# [Action item]
Where the entries below show "Kantor Pajak Bengkulu", begin there and print that line and all following lines exactly, through the last, omitting pictures.
+++ Entries provided +++
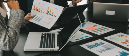 Business team colleagues meeting to conference professional investor working a new marketing business strategy project discussion and analysis data chart and graph, finance and accounting concept.
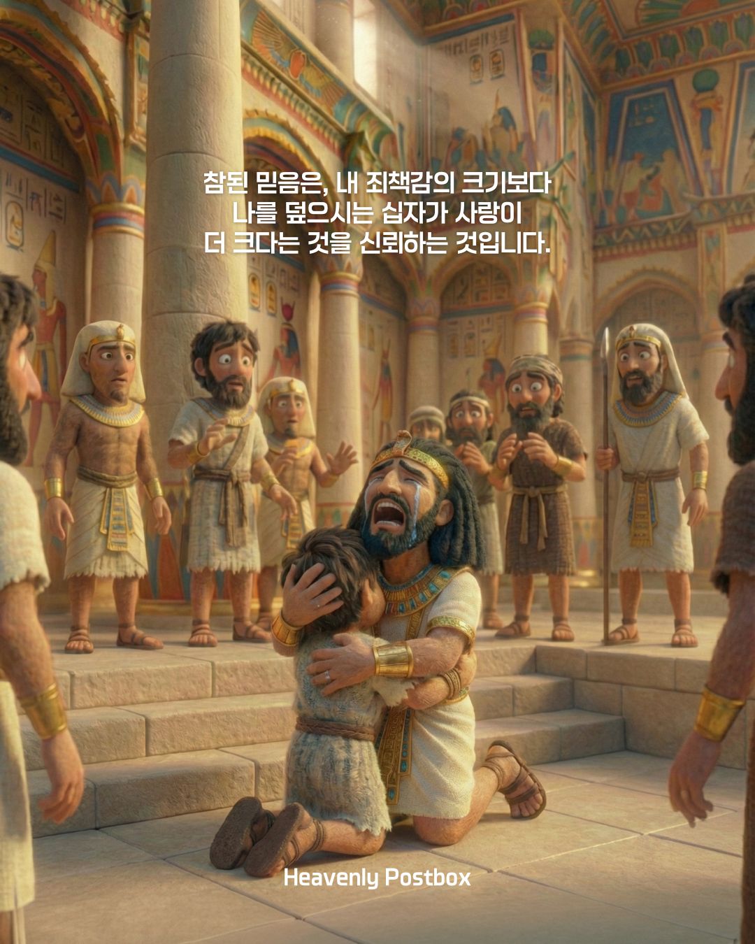 창세기50장을 보면, 요셉의 조건없는 용서를 받고도 형들의 죄책감은 평생 씻기지 않았음을 확인합니다. 아버지가 세상을 떠나자 그들은 "요셉이 이제 본색을 드러내 복수할 것"이라는 공포에 압도되어, 아버지의 거짓 유언까지 지어내며 목숨을 구걸합니다. 이처럼 조건적 인과응보에 매몰된 인생은, 이미 완전한 용서를 받아놓고도 평생을 심판의 두려움 속에서 벌벌 떨며 '지옥 같은 삶'을 살게 된다는 것을 보여주는 예표입니다.
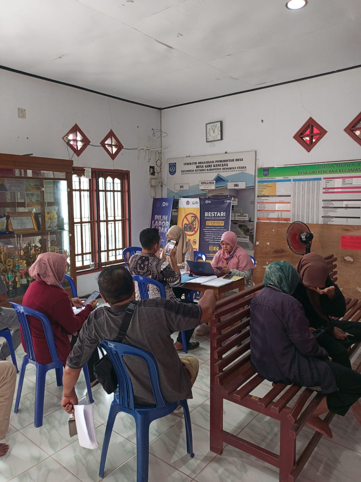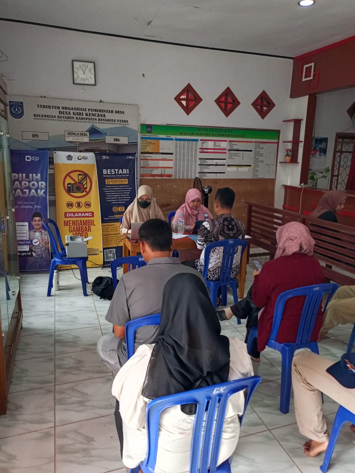 Kantor Pajak Bengkulu Satu bekerja sama dengan Kantor Desa Giri Kencana membuka Pos Pelayanan Pajak di Desa Giri Kencana, Kecamatan Ketahun, Kabupaten Bengkulu Utara (Kamis, 27/2). Pelayanan ini hadir untuk melayani wajib pajak di Kecamatan Ketahun dan sekitarnya yang mengalami kendala akses jarak yang cukup jauh ke kantor pajak terdekat.
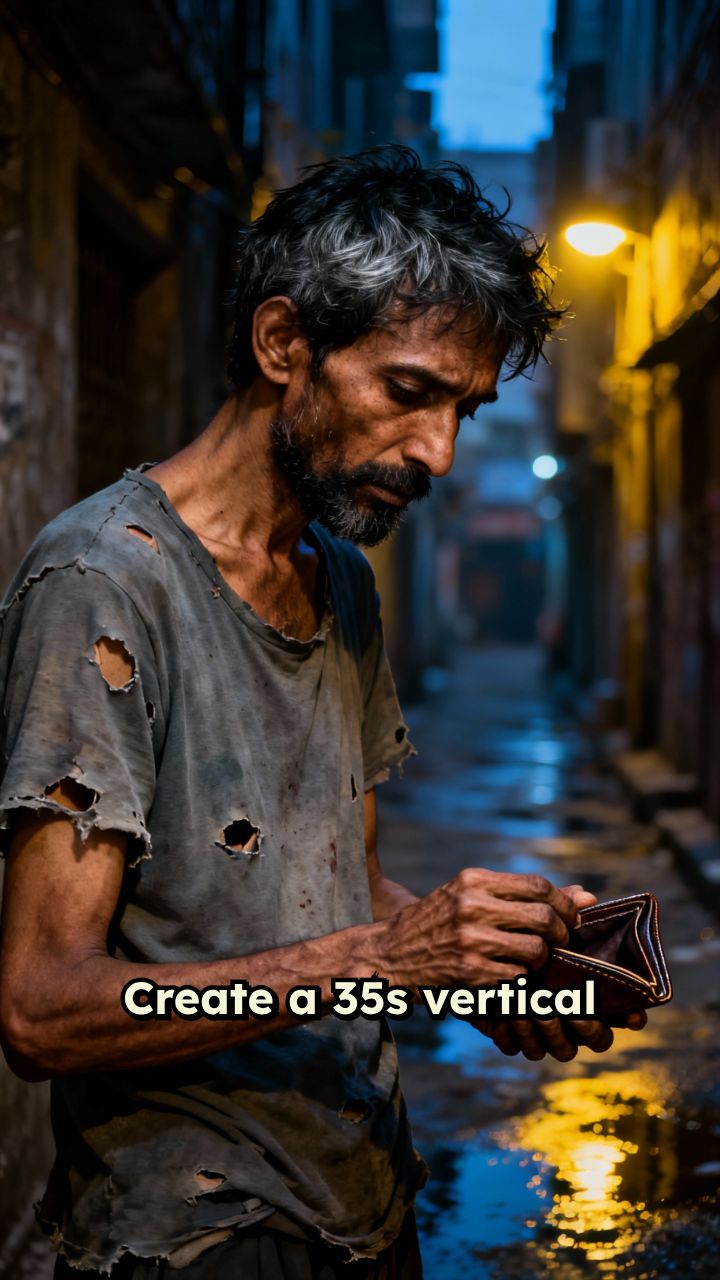 Create a 35s vertical TikTok video. Hook in first 2 seconds: “He was broke.”
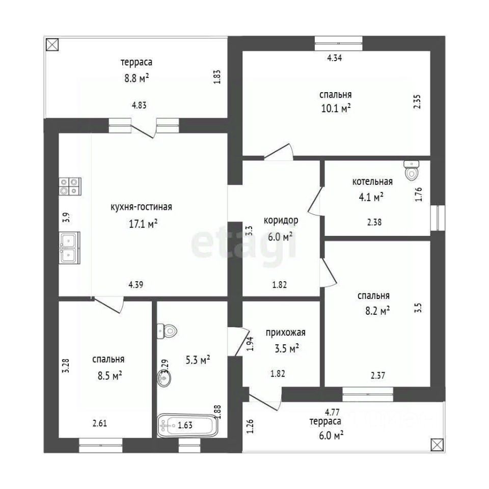 (кухня-гостиная, 3 спальни и 2 сан.узла)
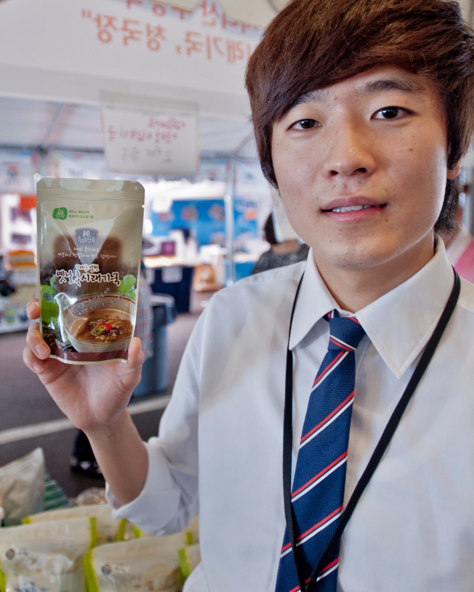 Oh Changhee, an economics student from Jin Ju, South Korea at the 40th annual Korean Festival in Koreatown. He is part of a program that incubates students to become experts on trading. He and his friends traveled to Los Angeles to practice sales in a foreign environment. His entrepreneurship program lasts three months where afterwards, he is expected to travel to other countries to participate in exhibits to share what he learned. He is holding a dry radish soup he and his two colleagues are selling at their table.
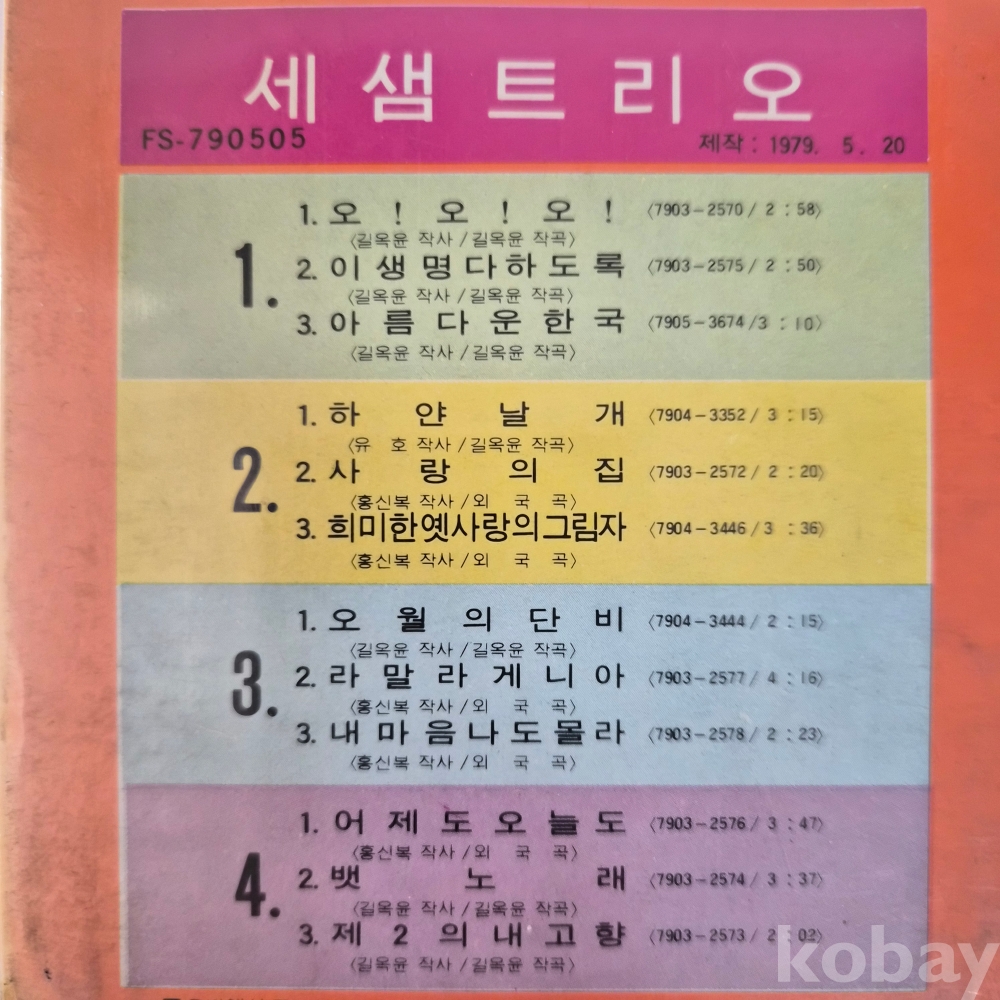 [8트랙 테이프 기획전] [미개봉] [세샘트리오] 길옥윤 작품집 / 오오오! 하얀날개 어제도 오늘도 外
+++
# [Completed exercise]
 Kantor Pajak Bengkulu Satu bekerja sama dengan Kantor Desa Giri Kencana membuka Pos Pelayanan Pajak di Desa Giri Kencana, Kecamatan Ketahun, Kabupaten Bengkulu Utara (Kamis, 27/2). Pelayanan ini hadir untuk melayani wajib pajak di Kecamatan Ketahun dan sekitarnya yang mengalami kendala akses jarak yang cukup jauh ke kantor pajak terdekat.
 Create a 35s vertical TikTok video. Hook in first 2 seconds: “He was broke.”
 (кухня-гостиная, 3 спальни и 2 сан.узла)
 Oh Changhee, an economics student from Jin Ju, South Korea at the 40th annual Korean Festival in Koreatown. He is part of a program that incubates students to become experts on trading. He and his friends traveled to Los Angeles to practice sales in a foreign environment. His entrepreneurship program lasts three months where afterwards, he is expected to travel to other countries to participate in exhibits to share what he learned. He is holding a dry radish soup he and his two colleagues are selling at their table.
 [8트랙 테이프 기획전] [미개봉] [세샘트리오] 길옥윤 작품집 / 오오오! 하얀날개 어제도 오늘도 外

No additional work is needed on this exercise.